Justia Energy, Oil & Gas Law Opinion Summaries
Articles Posted in Energy, Oil & Gas Law
City and County of San Francisco v. Federal Energy Regulatory Commission
The San Francisco Public Utilities Commission owns a power supply system in the Hetch Hetchy Valley and transmission lines but does not own distribution lines and relies on PG&E’s distribution system. The Commission is both a customer and a competitor of PG&E. The Federal Energy Regulatory Commission (FERC) approved PG&E’s Tariff, which stated the generally applicable terms for “open-access” wholesale distribution service. In 2019, San Francisco filed a complaint under the Federal Power Act (FPA), 16 U.S.C. 824e, 825e, 825h, challenging PG&E’s refusal to offer secondary-voltage service in lieu of more burdensome primary-voltage service to certain San Francisco sites and provide service to delivery points that San Francisco maintains are eligible for service under the Tariff’s grandfathering provision. PG&E maintained that it had not given customers the right to dictate the level of service to be received and that any denials of secondary-voltage service were supported by “technical, safety, reliability, and operational reasons.”FERC denied San Francisco’s complaint, ruling that PG&E should retain discretion to determine what level of service is most appropriate for a customer because the provider “is ultimately responsible for the safety and reliability of its distribution system.” The D.C. Circuit vacated and remanded, citing FERC’s own precedent and noting a “troubling pattern of inattentiveness to potential anticompetitive effects of PG&E’s administration of its open-access Tariff.” View "City and County of San Francisco v.
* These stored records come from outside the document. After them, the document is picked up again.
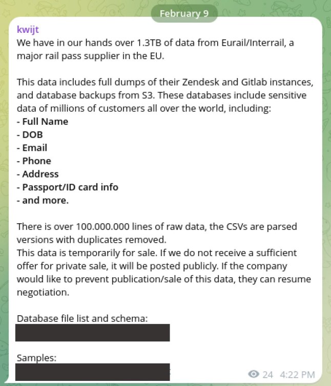 A sample dataset,which does not include people’s data,was also copied to Telegram,popular among drug dealers and extremists,Eurail found.
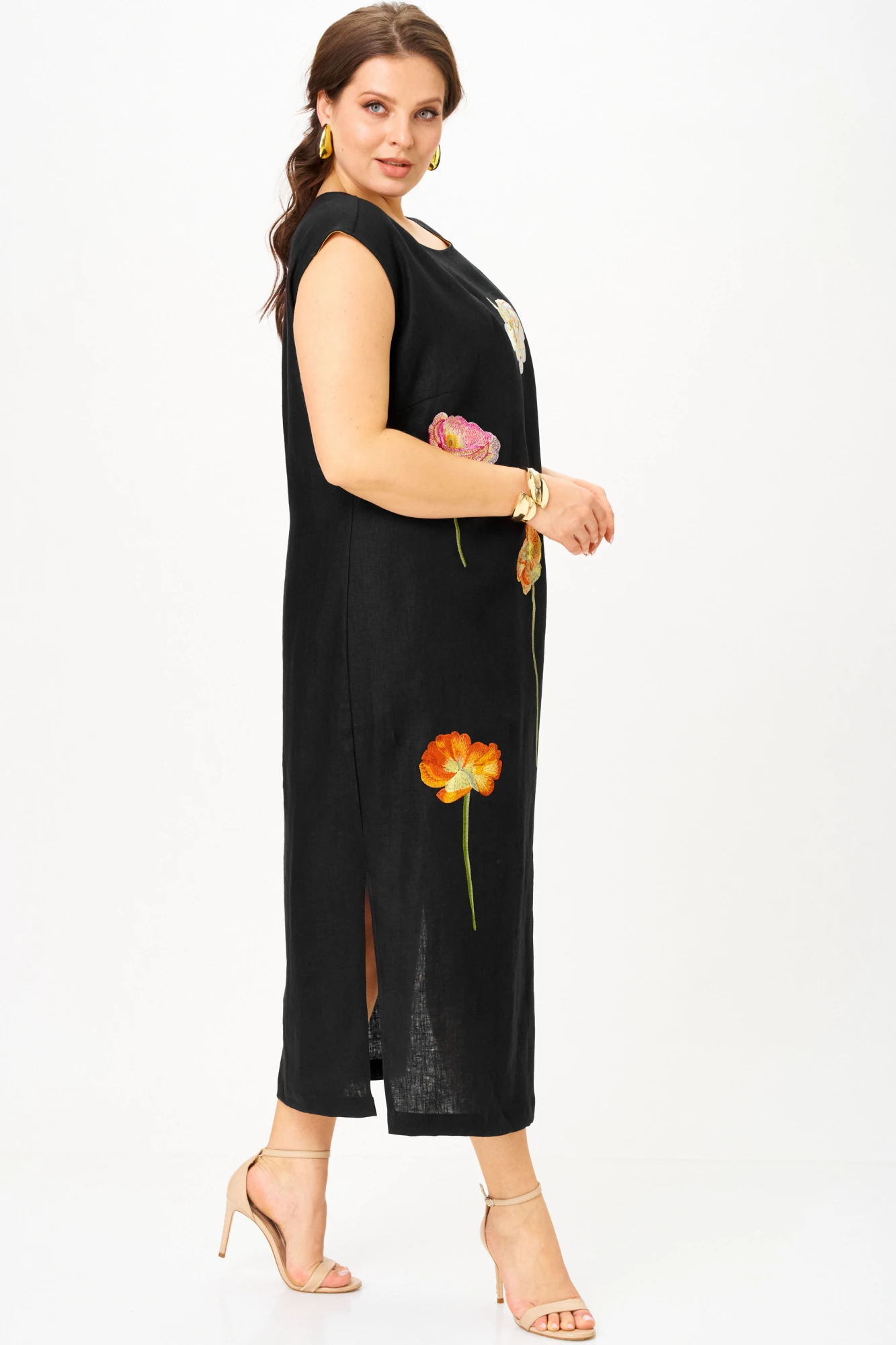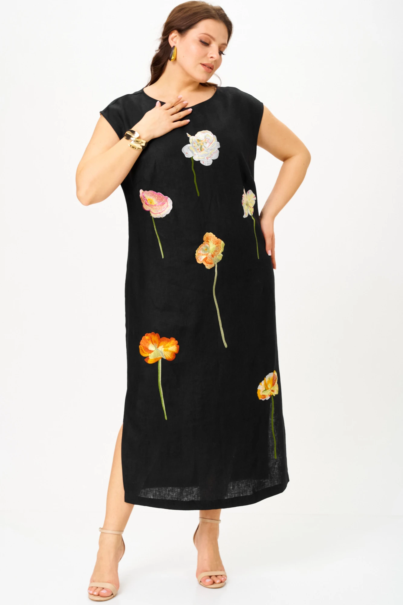 Удивительно комфортное для жаркого лета. Платье прямого силуэта. Спущенная линия плеча. Цветочная авторская вышивка придаёт изделию этнический и аутентичный стиль.
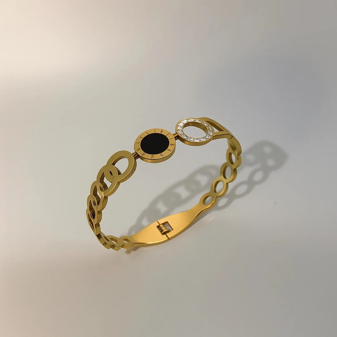 A stylish gold-plated bracelet designed with a modern circular pattern. One circle is adorned with sparkling cubic zirconia stones, while the other features a sleek black enamel finish. The minimalist yet elegant design makes it perfect for both casual and formal looks.
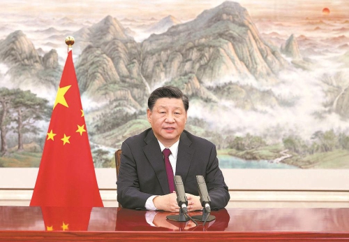 4月21日上午,博鳌亚洲论坛2022年年会开幕式在海南博鳌举行,国家主席习近平以视频方式发表题为《携手迎接挑战,合作开创未来》的主旨演讲。 新华社记者黄敬文摄
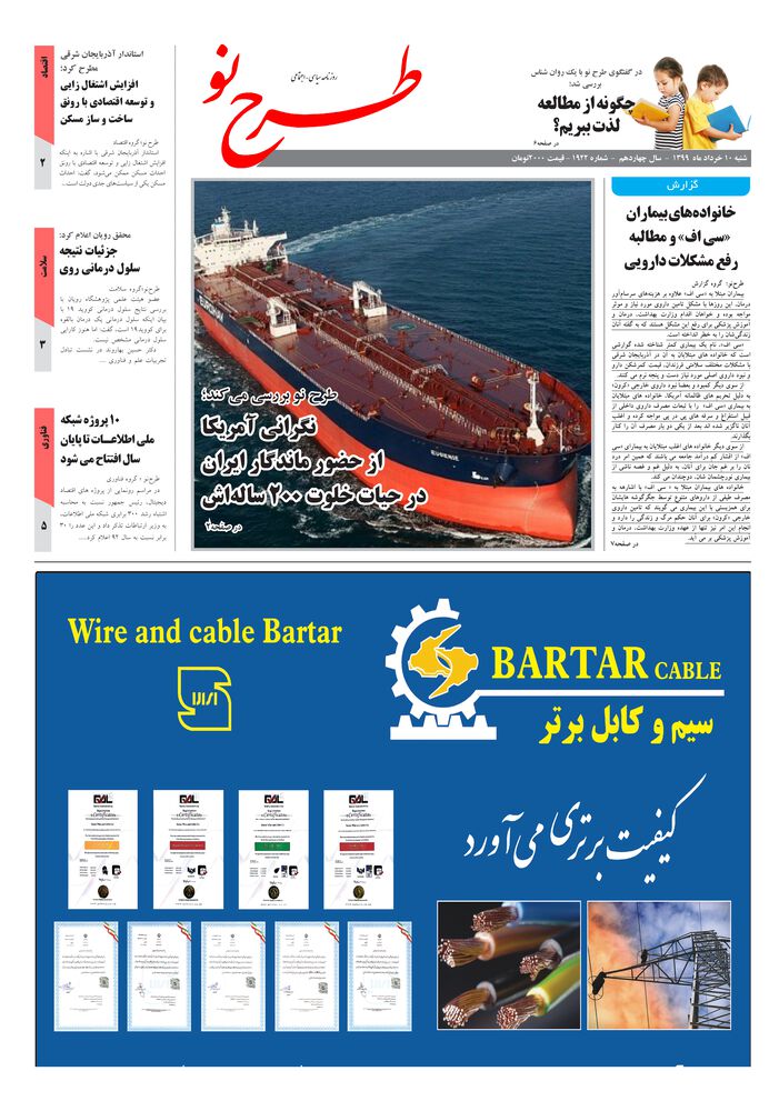 شنبه 10خرداد ماه - 1399سال چهاردهم -شماره - 1922قیمت 2000تومان
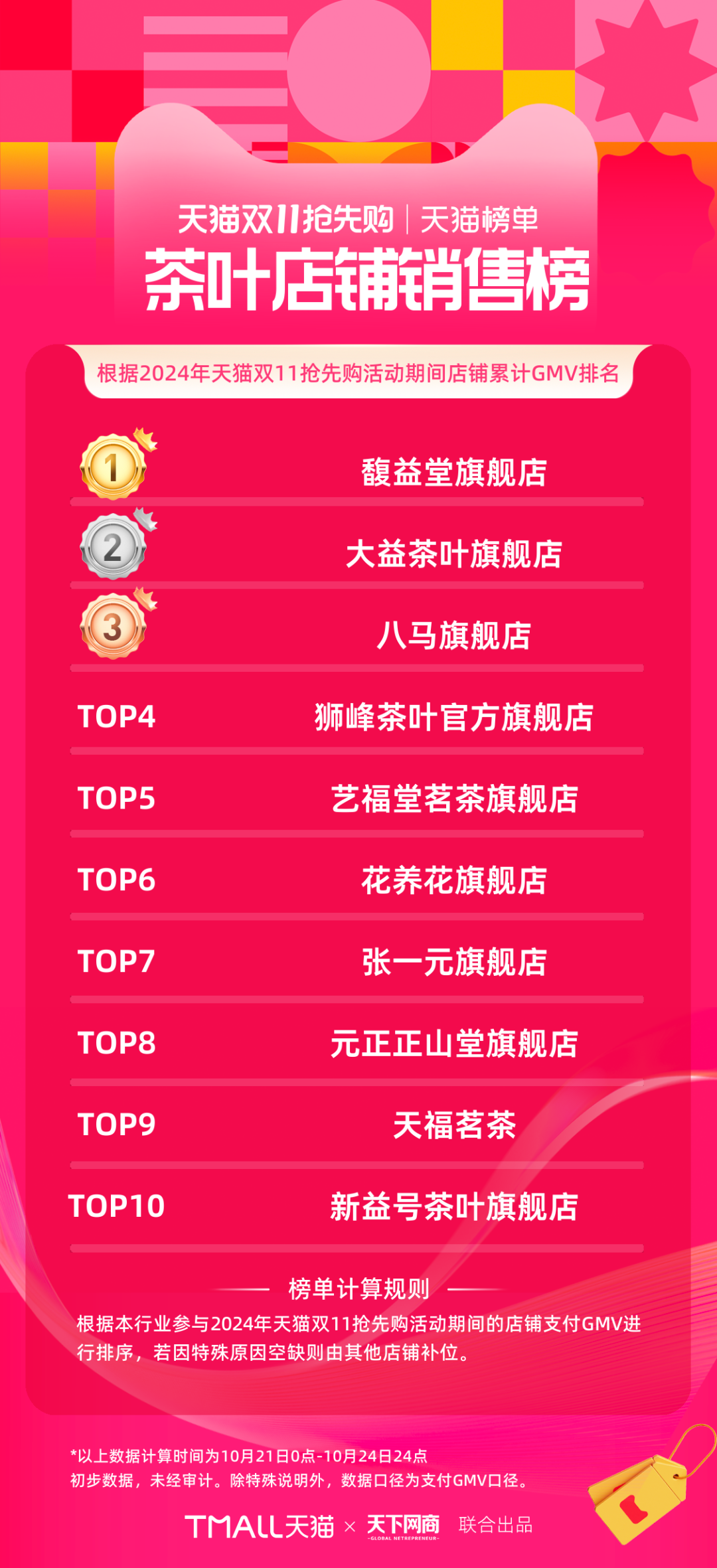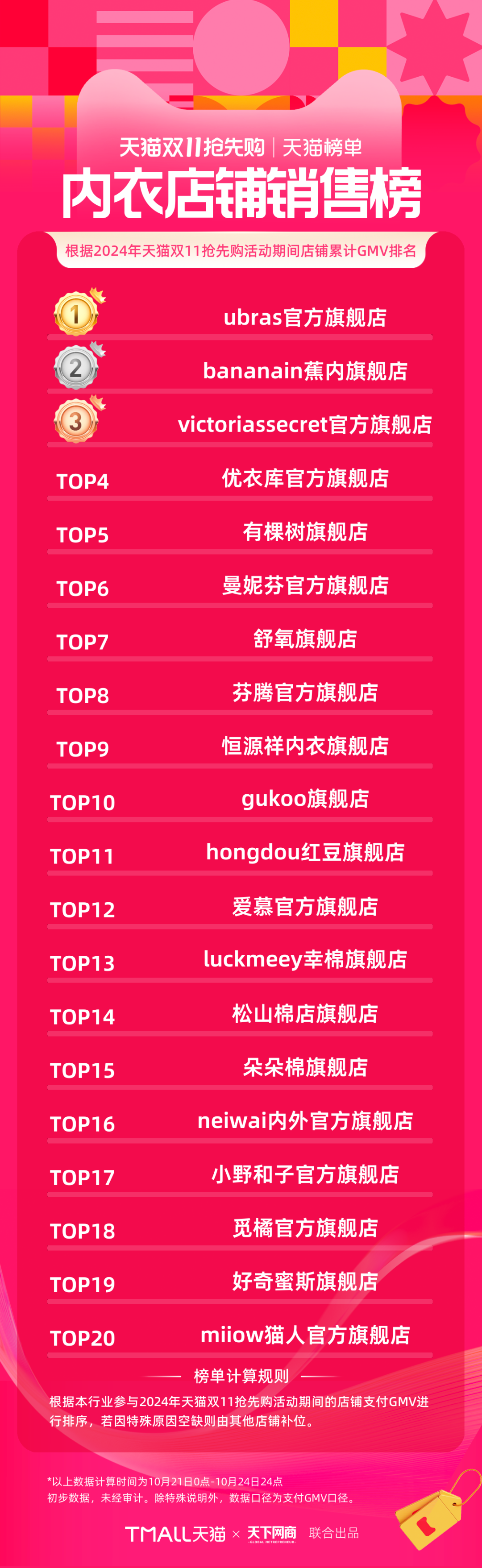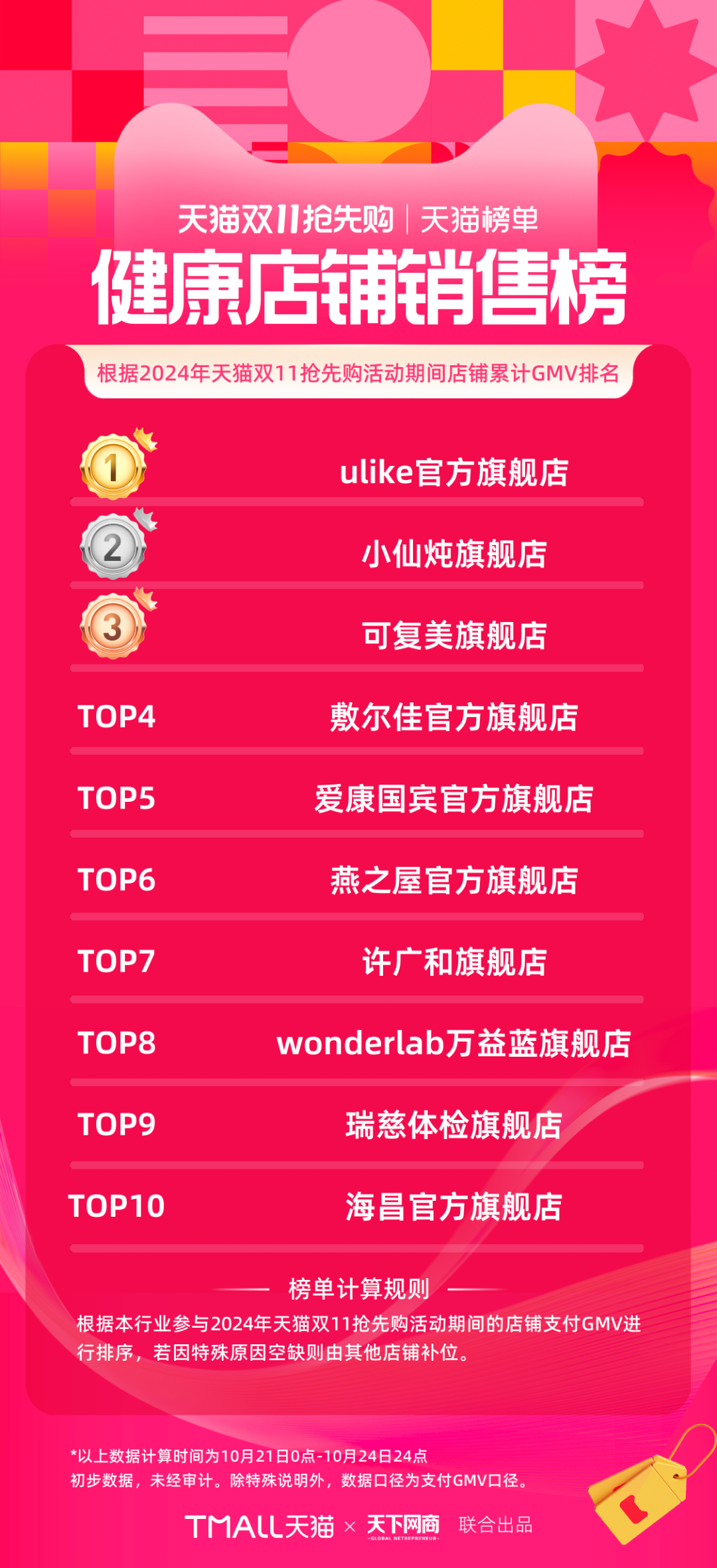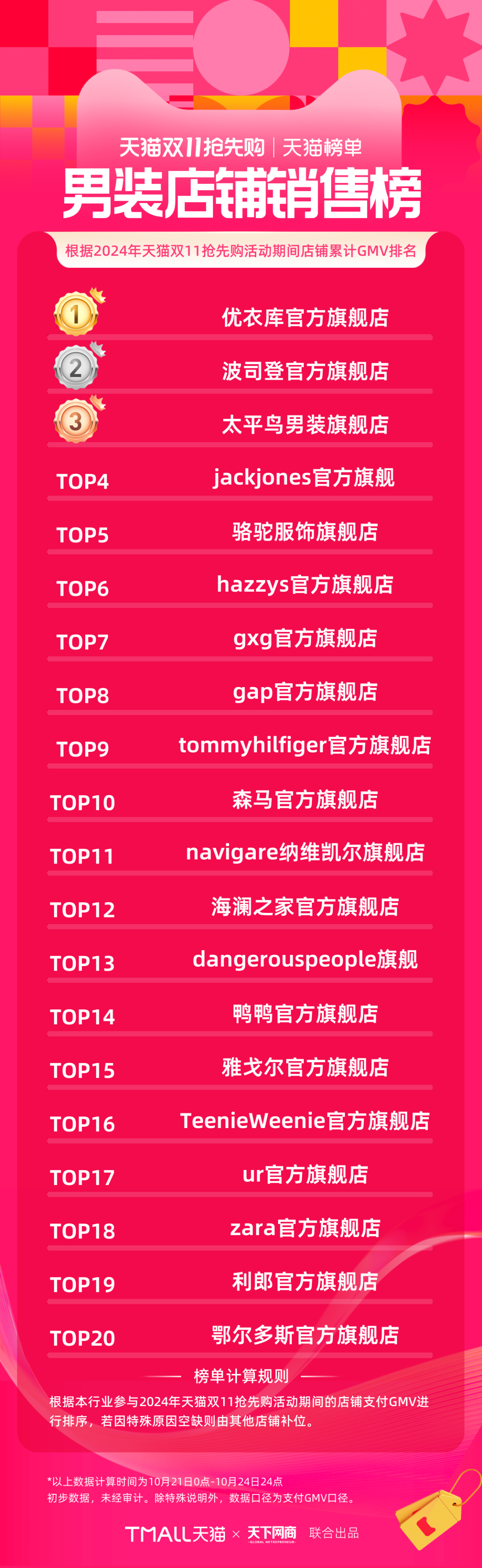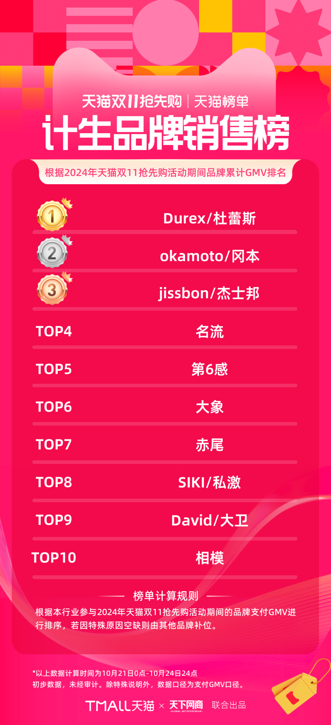 以下為《天下網(wǎng)商》聯(lián)合天貓發(fā)布的2024年天貓雙11第一階段(10月21日-10月24日)品牌成交排行榜,祝賀商家們。

Federal Energy Regulatory Commission" on Justia Law
Duke Energy Progress, LLC v. Federal Energy Regulatory Commission
Duke generates electricity for Power, a “joint agency” of 32 North Carolina municipalities. Power pays Duke an Energy Charge that “reimburses Duke only for its fuel costs and variable operations and maintenance costs associated with producing the energy consumed by Power" and a Capacity Charge, designed to cover Duke’s fixed costs and provide a return on its infrastructure investments, calculated by determining its pro-rata share of the demand on Duke’s system during a one-hour “snapshot” of system usage taken during the peak hour on Duke’s system each month.Their agreement regulates activities Power may employ to modify its electricity use, including Demand-Side Management and Demand Response. Demand-Side Management involves end-users accepting an inducement to sign up for a program where Power can turn off and on their appliances around high-demand periods. Demand Response involves a supplier providing end-users information on the price of energy at a given time and those end users then modifying their consumption to avoid elevated prices.In 2019, Power petitioned the Federal Energy Regulatory Commission (FERC) arguing that the provisions that permit Demand-Side Management and Demand Response activities permit deploying battery storage technology to reduce metered demand during peak load periods and drawing from those batteries during the high-demand “snapshot” hour. Concerned that Power would reduce its Capacity Charge to zero, Duke opposed the petition. The D.C. Circuit affirmed FERC’s grant of Power’s petition, finding that the agreement permits Power to use battery storage technology as either Demand-Side Management or Demand Response. View "Duke Energy Progress, LLC v. Federal Energy Regulatory Commission" on Justia Law
The City of Miami, Oklahoma v. Federal Energy Regulatory Commission
The DC Circuit granted the City's petitions for review of FERC orders rejecting the City's complaint regarding periodic outflow coming from the operation of the Pensacola Project, a downstream dam licensed by FERC. The court found FERC's position unpersuasive and remanded for the Commission to determine the role of the Corps, the responsibility the Authority bears if it caused flooding in the City, analyze the evidence petitioner has produced, and finally interpret the Pensacola Act. View "The City of Miami, Oklahoma v. Federal Energy Regulatory Commission" on Justia Law
Armstrong v. Helms
Phillip Armstrong appealed a judgment dismissing his amended complaint. The district court granted dismissal of the amended complaint after finding Armstrong had failed to exhaust his administrative remedies. In 1996, Armstrong filed a surety bond with the North Dakota Industrial Commission when he became the operator of several oil wells on private land. In 2001, Armstrong also began operating wells on federal lands. Armstrong was engaged with federal authorities in formulating a reclamation plan for the federal lands. The wells were not producing oil, and Armstrong requested a release of his surety bond filed with the Commission. The Commission conditioned the release of the bond on Armstrong performing a geoprobe assessment of the wells, which Armstrong refused. Armstrong thereafter filed a complaint in the district court seeking release of his bond. The court ultimately concluded Armstrong's claims were barred by his failure to exhaust his administrative remedies, rejected Armstrong’s argument state law did not apply because of federal preemption, and entered a judgment dismissing the action. The North Dakota Supreme Court concluded federal regulations did not preempt the application of N.D.C.C. ch. 38-08, Armstrong failed to exhaust his administrative remedies, and the court properly dismissed the action. View "Armstrong v. Helms" on Justia Law
Vic Christensen Mineral Trust v. Enerplus Resources Corp., et al.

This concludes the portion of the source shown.